Pipeline. Cloud API spend, BIRDEYE average inference latency, and a count of capture gaps > 10 min. The cost number is the one I watch most after a deploy — if it ticks up, it means BIRDEYE is dropping more frames into the cloud fallback, which means the new model is worse than the old one in a way the validation metrics missed.

Pipeline history. A table of every deploy with its training-set size, production metrics at the time, and a rollback button. Cheap insurance for the next time I ship a bad model.

Events tab — what has the baby been doing?

Daily recap. A stitched fast-forward video of a whole day's frames at configurable FPS. Unexpectedly useful — a 30-second recap of a nap is often the fastest way to tell if something was off (pose, swaddle, breathing pattern) without scrubbing through a timeline.

Recent events. A chronological list of state transitions with durations (Asleep 2h 14m, Awake 6m, Out of bassinet 45m, ...). This is what I'd actually want if the rest of the dashboard didn't exist — the minimum-viable "what has the baby been doing" view. I kept it because it's also the fastest way to spot a stuck-state bug where the timeline is drawing one giant block because the classifier has been agreeing with itself too long.

What I would improve

Knowing what I know now, the next round of improvements would target the failure modes I haven't fixed yet:

Temporal smoothing. Right now each frame is classified independently. A 3-frame median filter on the eye-state output would catch most of the spurious blinks and motion-blur false positives. The data is already in the database; this is purely a query change.

Multi-modal sensing. An IP camera with a microphone (or just a separate USB mic) gives me an audio stream I could run a small wake-detection classifier on. Audio reacts faster than video for a crying baby, and the two signals are independent enough that combining them via simple ensemble would meaningfully improve recall on real wake events.

Better night-vision data. I have ~5× more daytime frames than night frames, mostly because the dashboard correction workflow is naturally biased toward "frames I happened to review during the day." A targeted active-learning loop — surface the night frames with the lowest confidence and ask me to label them — would close the gap fast.

More robust face detection in occluded poses. My trainable face detector is at 100% on the validation set but I know it fails on certain occluded poses (face turned 80° away from camera, half-buried in swaddle). The training data doesn't cover those well because they're rare. An augmentation pipeline that simulates partial occlusion would help.

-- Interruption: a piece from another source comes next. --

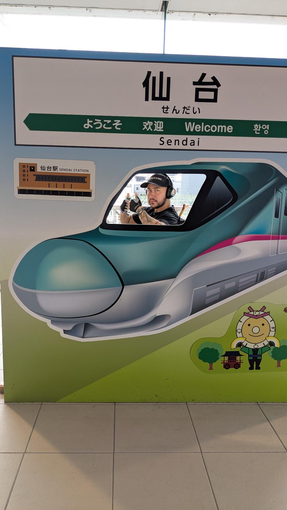 De treinreis tussen deze twee plaatsen bedroeg zo'n 6 uur, waarin we zo'n 900 km aflegden en gedurende die rit een hoop meer te zien kregen dan het oerhollandse landschap dan we gewend zijn. Bossen, bergen, een heleboel honkbalvelden, slaperige dorpjes en miljoenensteden en als letterlijk hoogtepunt Mount Fuji - wat een apparaat is dat zeg. Ook zijn de treinen een stuk comfortabeler dan die van de NS, en een stuk sneller: zo'n 280 km per uur. Dit maakte dat we eigenlijk vrij ontspannen aankwamen op onze bestemming, waar het dus ontzettend hard regende. Ook in onze harten, want het baasje van Aka, de kat in Ishinomaki, berichtte ons dat ze luid miauwend op zoek was naar ons. Ik neem direct de trein terug voor jou, Aka, maar dat mag niet van Geert :(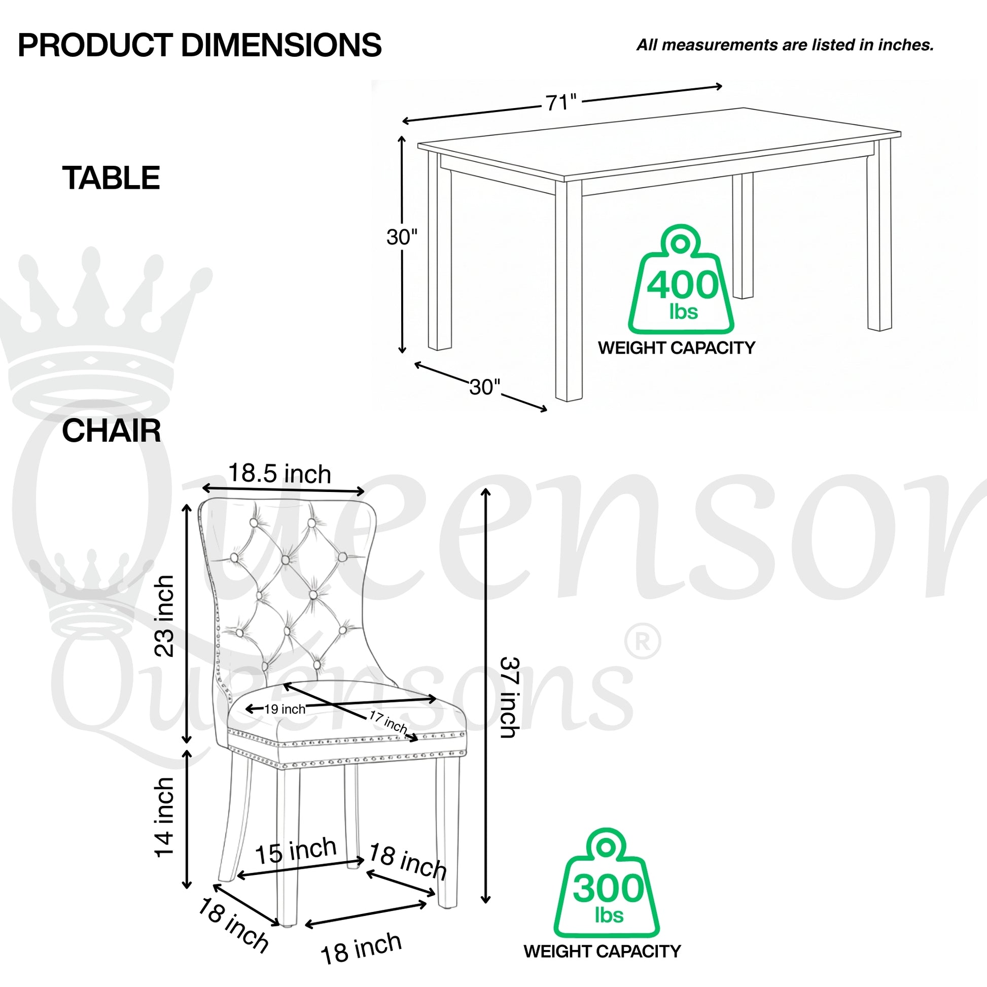 Weight Capacity: 400 lbs

A trained BassinetLocationClassifier — the proper version of an edge alert I tried and had to delete. Same MobileNetV3-Small architecture as the others, binary pressed_against_side / not_pressed, bootstrapped from the cloud API's position labels. I have an issue tracking it; one Saturday's work to actually do it. (The story of why I deleted the original attempt is in part 2.)

Conclusion

I built a baby monitor on an old Mac because I didn't trust the commercial ones and I wanted to see if I could. It cost about $40 in hardware. It runs entirely on my home network. It uses a small ML pipeline that I trained on data I labeled myself. Most frames never hit the public internet; a shrinking tail ends up at the cloud API as a low-confidence fallback, for a few cents a day.

That's the build. In part 2, I get into the meta: what this project taught me about deploying ML under real constraints, the bugs that cost me a morning each, and what working with a coding agent actually felt like — including the parts where it didn't help.

The baby is asleep right now. The dashboard says so. The model is 100% confident. I checked.